The newly released CKAN 2.7 adds new functionality and makes DataStore search up to
17x faster at the same time.
This article covers:
- new total row calculation
- new result generation
- new record formats
TL;DR:
- Upgrade to 2.7 then resource views and other code that uses datastore_search is faster with no other changes required
- Update your datastore_search client code use one of the new records_format=csv and/or include_total=false options to make it much, much faster
Total Row Calculation
The first opportunity to make DataStore search faster came when users observed search slowing down as their datasets grew. The same slow-down was not happening when using SQL search, so this problem was specific to our datastore_search implementation.
Profiling datastore_search showed that a window function used to calculate the total number of matching rows was not being cached by PostgreSQL. Instead is was recalculated for every row returned, meaning we walked the whole table once for every row we returned. Pulling the total calculation out of the original query more than doubled the speed for larger queries, with a slight cost for small queries (we now make two round trips to the database instead of one)
If you store tens or hundreds of millions of rows in your DataStore tables you might be interested in improving the total calculation even further by caching the total counts in Redis at the API layer or in PostgreSQL with a trigger. However CKAN 2.7 fixes the worst issue with total calculation for most large tables.
Result Generation
Profiling datastore_search then showed most of our time spent handling data in Python: SQLAlchemy marshalling result rows into Python objects, DataStore walking over those objects and converting them into Python dictionaries and simplejson encoding those dictionaries to JSON to send as an API response.
The best optimisation is to do less work; can we skip all this data handling somehow?
It happens that PostgreSQL 9.3 has a rich set of JSON functions and is fully capable of building the exact response records we need. Embedding those records in our JSON API response is now supported by simplejson 3.10's new RawJSON object. This change makes our PostgreSQL query more complicated but it cuts out almost all data handling in Python, doubling our speed again for large queries.

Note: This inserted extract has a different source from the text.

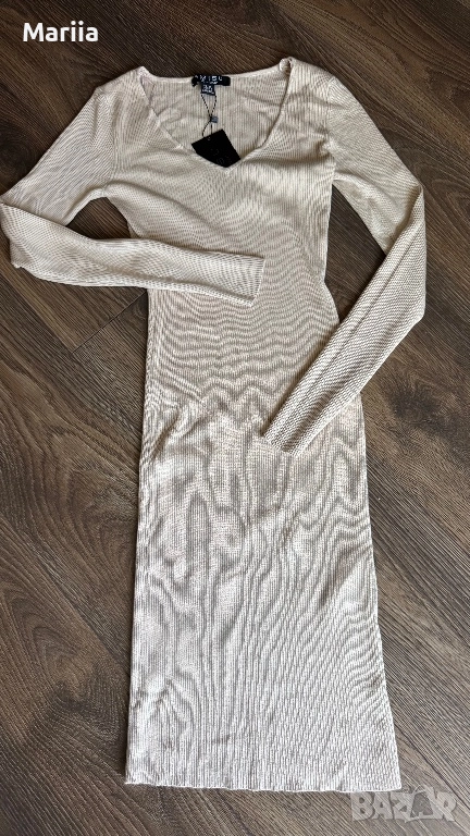 Елегантна силуетна рокля в бежов цвят, която подчертава фигурата.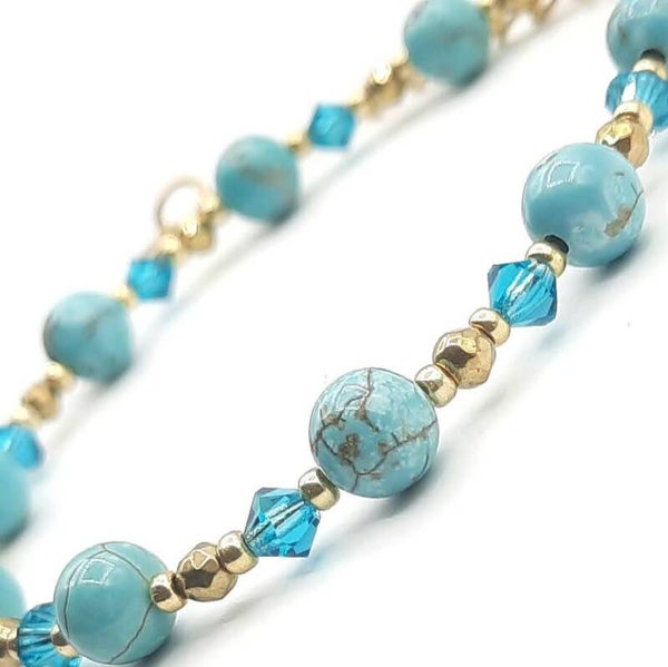 Het armbandje is gemaakt met 6 mm natuursteen kralen, Precosia glaskralen, hematite en japanse Miyuki glaskralen.

But, can we do even less work?
There's no need to calculate the total records for cases like dumping DataStore tables to a file or updating a page of data in a resource view after the first page. With the new result generation optimisation making that part of our test query so much faster, the time simply generating a total record count now accounts for almost half the total. Let's use the new include_total=False parameter to skip that too. We're now producing results seven times as fast as we could on CKAN 2.6
Acknowledgements
This work was sponsored by OpenGov and incorporated into CKAN 2.7 with the help of CKAN core developers and contributors.